My view is that software has never been on a par with engineering. It lacks the scientific basis that physics gives to engineering.
Civil engineering has been with us since the pyramids and aquaducts; mechanical, chemical, and electrical engineering have been making rapid progress since the late 19th century. Software has only been around since the 50s. It hasn't had the same time to develop that engineering has.
Software development has more of the feel of writing or art or craft than engineering does. All the UML and false metrics like KLOC and code coverage won't make it so. I think the analogies with building ("architecture") and manufacturing ("widgets", "metrics") don't do it justice.

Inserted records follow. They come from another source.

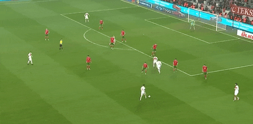 56' Айдын сделал пас справа в штрафную, а Актукоглу головой пробил над головой. перекладина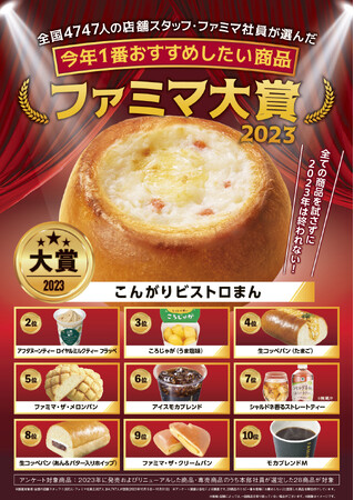 株式会社ファミリーマート(本社:東京都港区、代表取締役社長:細見研介)は、継続して取り組んでいる5つのキーワードである「『あなた』のうれしい」、「わくわく働けるお店」の一環として、全国4,747人の店舗スタッフ・ファミリーマート社員が選んだ今年1番おすすめしたい商品・サービスを決定する「ファミマ大賞2023」を開催いたしました。初めての開催となる「ファミマ大賞2023」において、見事選ばれた大賞と入賞商品・サービスをご紹介いたします。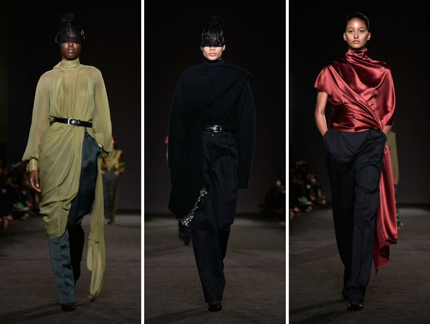 Koleksiyondaki drapeler, Nepal’deki şifon sarilerin dans ederken yukarı toplanma hareketinden esinlenmiş. Akışkan formlar kontrollü bir zarafetle şekilleniyor. Gözleri örten dar dantel başlıklar tasarımcının inancından ilham alıyor. Bu parçalar mistik bir atmosfer yaratırken koleksiyonun sorusunu daha da derinleştiriyor: Ev, gelenek midir, inanç mıdır, yoksa bedenle taşınan bir ritüel mi?

That isn't to say that software development isn't a wonderful activity with its own rigors and challenges. It's just not "engineering" yet and may never be. Tom DeMarco appears to have lost faith.
UPDATE: The fact that 27 years have passed since DeMarco's metric book came out, and we still don't have an agreed-upon way to measure quality or productivity or value in software says that it hasn't delivered on its initial promise.

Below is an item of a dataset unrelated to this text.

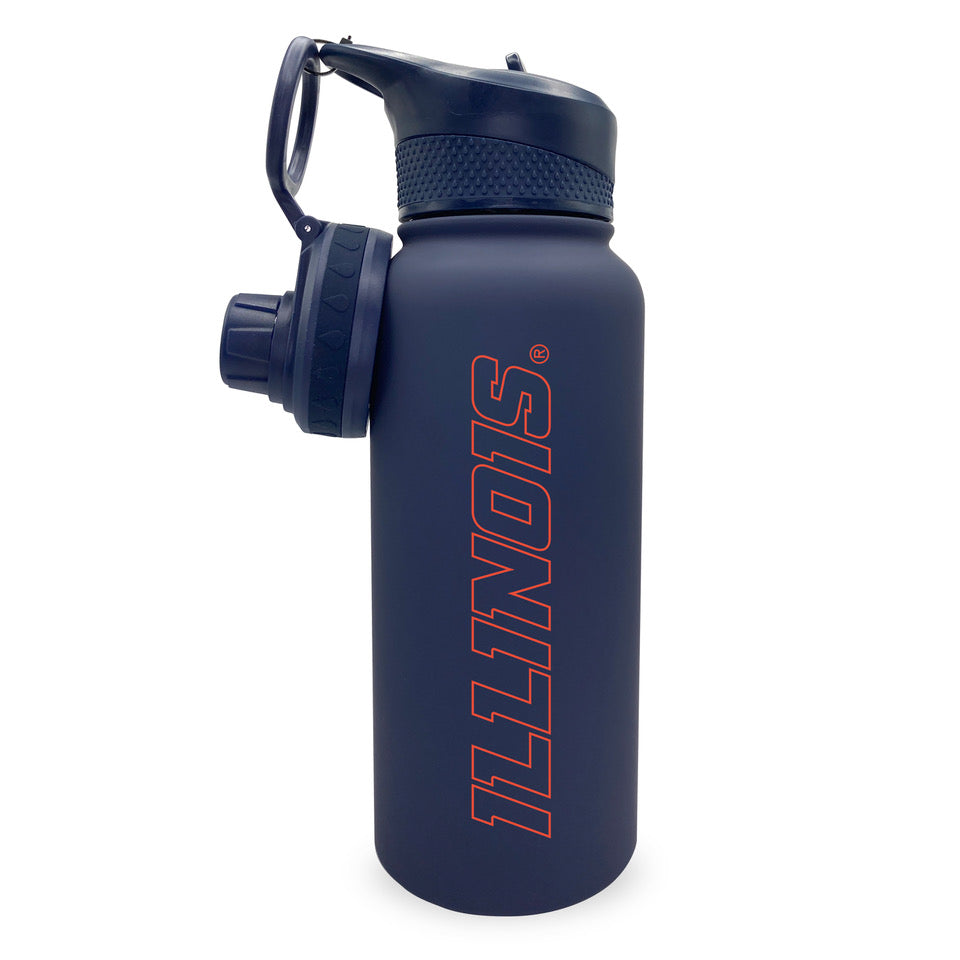 Go Illini! This Illinois water bottle is perfect for staying hydrated on the go! This 34oz bottle features a navy body with an orange slant "Illinois" on the side, along with two interchangeable lids that will really make your Illinois spirit shine through! This is an officially licensed collegiate product.

I always laugh when I hear about applying Six Sigma techniques to software. The people who suggest that have never been on a shop floor, and have little idea of how a tolerance band for a given dimension figures into its success in that domain.
When I was practicing as a mechanical engineer I could count the number of people with "engineer" in their job description without a bachelor's degree in the field from an accredited institution on one hand. While I'd agree that a degree is no guarantee of quality or above average results for all, it's an important difference that separates it from computer science and software development. The barrier to entry in programming and software development is a lot lower than it is for professions like engineering, law, or medicine. Every person who wrote Basic on an early PC can be considered a programmer. Not so with other fields.